Fig. 3 ASM Code chooser

A_MPI_Function

All translations are executed thanks to some mappers defined within mappers.h using an underlying hash table mechanism named uthash (https://troydhanson.github.io/uthash/) The mappers (see example below) always have the same syntax :

mapper_name_a2r(&buf, &buf_tmp);
mapper_name_r2a(&buf, &buf_tmp);

In case of an a2r translation, buf_tmp represent the translation of buf and vice versa for an r2a translation.

Example:

A_MPI_Send(void *buf, int count, A_MPI_Datatype datatype, int dest, int tag,
           A_MPI_Comm comm) {
  void *buf_tmp;
  const_buffer_conv_a2r(&buf, &buf_tmp); // mapper
  R_MPI_Datatype datatype_tmp;
  datatype_conv_a2r(&datatype, &datatype_tmp); // mapper
  int dest_tmp;
  dest_conv_a2r(&dest, &dest_tmp); // mapper
  int tag_tmp;
  tag_conv_a2r(&tag, &tag_tmp); // mapper
  R_MPI_Comm comm_tmp;
  comm_conv_a2r(&comm, &comm_tmp); // mapper
  int ret_tmp = LOCAL_MPI_Send(buf_tmp, count, datatype_tmp, dest_tmp, tag_tmp,
                               comm_tmp); // Runtime MPI_Send call
  return error_code_conv_r2a(ret_tmp);
}

R_MPI_Function

In R_MPI_Function, the arguments are directly passed to the MPI runtime call

int R_MPI_Send(void *buf, int count, R_MPI_Datatype datatype, int dest, int tag,
               R_MPI_Comm comm) {

  int ret_tmp = LOCAL_MPI_Send(buf, count, datatype, dest, tag, comm);

  return ret_tmp;
}

Hash table

The underlying hash table mechanism presented earlier is contained in engine.*, engine_fn.* and utash.h. For each MPI objects, two tables are created. One for the constants, and one for the MPI_Type created by the application.
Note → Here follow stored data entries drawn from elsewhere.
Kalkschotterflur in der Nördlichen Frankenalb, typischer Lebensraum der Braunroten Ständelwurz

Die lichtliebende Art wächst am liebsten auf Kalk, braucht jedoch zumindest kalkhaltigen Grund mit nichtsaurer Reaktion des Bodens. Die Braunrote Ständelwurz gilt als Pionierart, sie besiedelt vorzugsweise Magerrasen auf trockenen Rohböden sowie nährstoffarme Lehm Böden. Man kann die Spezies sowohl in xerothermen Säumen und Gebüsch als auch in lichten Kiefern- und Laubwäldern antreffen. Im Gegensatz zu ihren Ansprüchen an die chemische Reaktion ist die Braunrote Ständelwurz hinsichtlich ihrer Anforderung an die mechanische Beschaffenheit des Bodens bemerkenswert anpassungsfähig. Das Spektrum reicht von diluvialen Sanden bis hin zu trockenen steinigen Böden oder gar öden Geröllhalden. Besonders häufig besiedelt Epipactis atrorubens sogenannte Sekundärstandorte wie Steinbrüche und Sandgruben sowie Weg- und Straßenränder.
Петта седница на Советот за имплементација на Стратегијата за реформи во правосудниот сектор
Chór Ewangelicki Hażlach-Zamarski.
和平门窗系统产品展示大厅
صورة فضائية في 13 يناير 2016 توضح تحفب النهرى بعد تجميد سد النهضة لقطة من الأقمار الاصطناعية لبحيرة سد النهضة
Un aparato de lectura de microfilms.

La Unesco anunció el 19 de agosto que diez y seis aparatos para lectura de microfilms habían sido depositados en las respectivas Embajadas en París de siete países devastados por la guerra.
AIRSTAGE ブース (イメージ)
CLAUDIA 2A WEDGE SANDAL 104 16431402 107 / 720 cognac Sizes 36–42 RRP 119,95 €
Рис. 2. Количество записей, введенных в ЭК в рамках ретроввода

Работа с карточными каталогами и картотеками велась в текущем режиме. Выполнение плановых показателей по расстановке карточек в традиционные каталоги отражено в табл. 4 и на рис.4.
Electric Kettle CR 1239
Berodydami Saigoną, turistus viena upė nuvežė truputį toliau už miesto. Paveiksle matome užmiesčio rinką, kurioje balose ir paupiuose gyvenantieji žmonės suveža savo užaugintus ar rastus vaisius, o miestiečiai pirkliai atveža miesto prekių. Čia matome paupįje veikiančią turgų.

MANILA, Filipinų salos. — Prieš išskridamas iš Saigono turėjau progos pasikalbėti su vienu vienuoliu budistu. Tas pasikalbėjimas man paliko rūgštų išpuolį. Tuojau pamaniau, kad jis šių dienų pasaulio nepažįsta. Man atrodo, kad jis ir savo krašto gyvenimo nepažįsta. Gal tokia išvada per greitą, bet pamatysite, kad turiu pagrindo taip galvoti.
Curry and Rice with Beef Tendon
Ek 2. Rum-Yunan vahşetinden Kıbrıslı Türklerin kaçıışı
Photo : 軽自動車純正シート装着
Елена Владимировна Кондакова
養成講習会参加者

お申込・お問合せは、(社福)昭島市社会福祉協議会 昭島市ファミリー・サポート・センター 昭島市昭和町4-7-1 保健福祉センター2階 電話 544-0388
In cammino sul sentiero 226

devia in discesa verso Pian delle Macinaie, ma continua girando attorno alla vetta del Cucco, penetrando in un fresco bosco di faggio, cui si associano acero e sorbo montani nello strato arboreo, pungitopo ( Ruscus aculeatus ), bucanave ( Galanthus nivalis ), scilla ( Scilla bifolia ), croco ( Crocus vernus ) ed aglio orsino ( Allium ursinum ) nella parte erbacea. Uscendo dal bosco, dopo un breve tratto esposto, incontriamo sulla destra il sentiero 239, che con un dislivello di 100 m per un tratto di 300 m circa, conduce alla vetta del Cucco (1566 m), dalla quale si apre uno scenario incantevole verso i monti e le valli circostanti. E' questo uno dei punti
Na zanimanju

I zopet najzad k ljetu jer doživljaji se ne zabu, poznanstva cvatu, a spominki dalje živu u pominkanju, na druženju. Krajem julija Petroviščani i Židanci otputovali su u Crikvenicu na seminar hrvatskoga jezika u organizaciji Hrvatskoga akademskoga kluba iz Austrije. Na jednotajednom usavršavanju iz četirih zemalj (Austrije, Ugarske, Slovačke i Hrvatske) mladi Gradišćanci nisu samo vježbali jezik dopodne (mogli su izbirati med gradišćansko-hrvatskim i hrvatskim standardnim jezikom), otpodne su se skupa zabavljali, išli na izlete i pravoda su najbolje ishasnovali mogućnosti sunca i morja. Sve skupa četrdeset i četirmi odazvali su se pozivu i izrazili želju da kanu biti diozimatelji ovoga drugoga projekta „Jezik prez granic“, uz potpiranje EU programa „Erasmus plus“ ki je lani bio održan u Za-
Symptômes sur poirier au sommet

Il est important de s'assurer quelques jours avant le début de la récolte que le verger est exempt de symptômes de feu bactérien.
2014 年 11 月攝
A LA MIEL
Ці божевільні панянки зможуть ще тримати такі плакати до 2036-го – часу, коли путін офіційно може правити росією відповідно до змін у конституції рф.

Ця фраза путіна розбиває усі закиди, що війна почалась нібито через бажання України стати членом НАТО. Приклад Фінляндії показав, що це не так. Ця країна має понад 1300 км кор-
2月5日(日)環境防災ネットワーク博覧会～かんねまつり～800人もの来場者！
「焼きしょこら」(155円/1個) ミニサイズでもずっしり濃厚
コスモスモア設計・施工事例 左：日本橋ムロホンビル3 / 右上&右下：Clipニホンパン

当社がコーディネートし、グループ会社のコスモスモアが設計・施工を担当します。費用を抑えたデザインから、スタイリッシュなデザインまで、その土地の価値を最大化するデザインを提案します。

The different types being:

  • MPI_Comm

  • MPI_Datatype

  • MPI_Errhandler

  • MPI_Group

  • MPI_Op

  • MPI_Request (Split en 2 tables, in order to dissociate blocking requests from asynchronous requests)

  • MPI_File

The table within engine_fn.* contains the following translation:

  • MPI_Handler_function

  • MPI_Comm_copy_attr_function

  • MPI_Comm_delete_function

  • MPI_Type_delete_function

  • MPI_Comm_errhandler_function

  • MPI_File_errhandler_function

Thread safety

To make WI4MPI usable in a multithread environment, the in_w (see above) variable is TLS protected.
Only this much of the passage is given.